BBC Radio 7, 13 December 2008
Kenneth Grahame's enduring classic continues to delight readers, listeners and
theatregoers a century after it first appeared. Perhaps this is due to the characterization - good-natured Mole contrasted
with the hale and hearty Rat, the commonsensical Badger and of course the braggart Toad, who experiences a series of comic
misadventures before recovering Toad Hall from the invading hordes of rodents.
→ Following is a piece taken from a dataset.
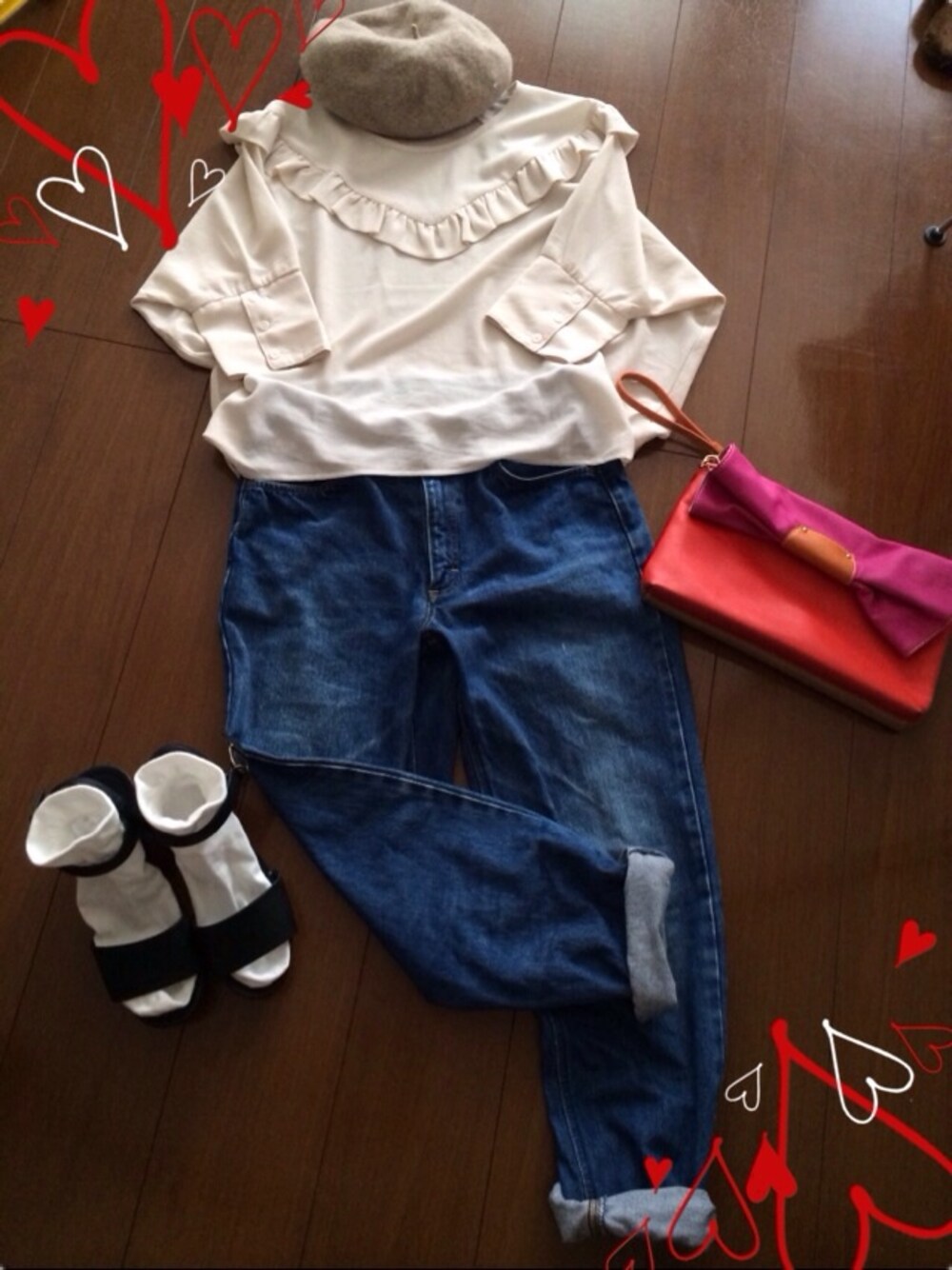 mittyのシャツ/ブラウス「フリル切替プルオーバー」を使ったコーディネート

Or perhaps the book's popularity is due to
its picaresque structure, with each new dramatic set piece presenting further difficulties for Toad (in particular) to negotiate.
Or maybe people respond to Grahame's gentle satire of the progressive spirit, which takes little heed of lasting values
such as friendship and community loyalty. In its modest way The Wind in the Willows is just as critical
of industrialism as Dickens' Hard Times - especially when Toad callously casting aside the horse-drawn
cart (complete with Albert the horse) in favour of a new motor-car.
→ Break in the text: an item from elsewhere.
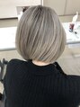 根元に深みを残したシャドールーツカラー。自然な立体感と柔らかい透明感が魅力。色落ちもキレイで大人女性に人気の上品ハイトーンスタイルです。

As I listened to David Blount's radio production of Alan Bennett's adaptation (which
played very successfully at the Royal National Theatre in the 80s and 90s), I understood that The Wind in the Willows
also celebrates Edwardian England - the world evoked in A.E.Housman's "A Shropshire Lad" (broadcast earlier this month on
Radio 4) of verdant landscapes, home comforts and social stability. There are long descriptions of the food Rat incorporates
in the hamper while picknicking with Mole; Mole enjoys the experience of returning to his modest abode, even though it lacks
the luxuries of Rat's house; while Badger falls asleep in front of the fire. Anyone foolhardy enough to challenge this social
order - such as the weasels - is ruthlessly dealt with. Blount confirmed the truth of the old adage that an Englishman's home
is his castle; no one should attempt to usurp it, while the legitimate inhabitants should not venture too far away, if they
knew what was good for them. For Rat, the Wild Wood was clearly off-limits.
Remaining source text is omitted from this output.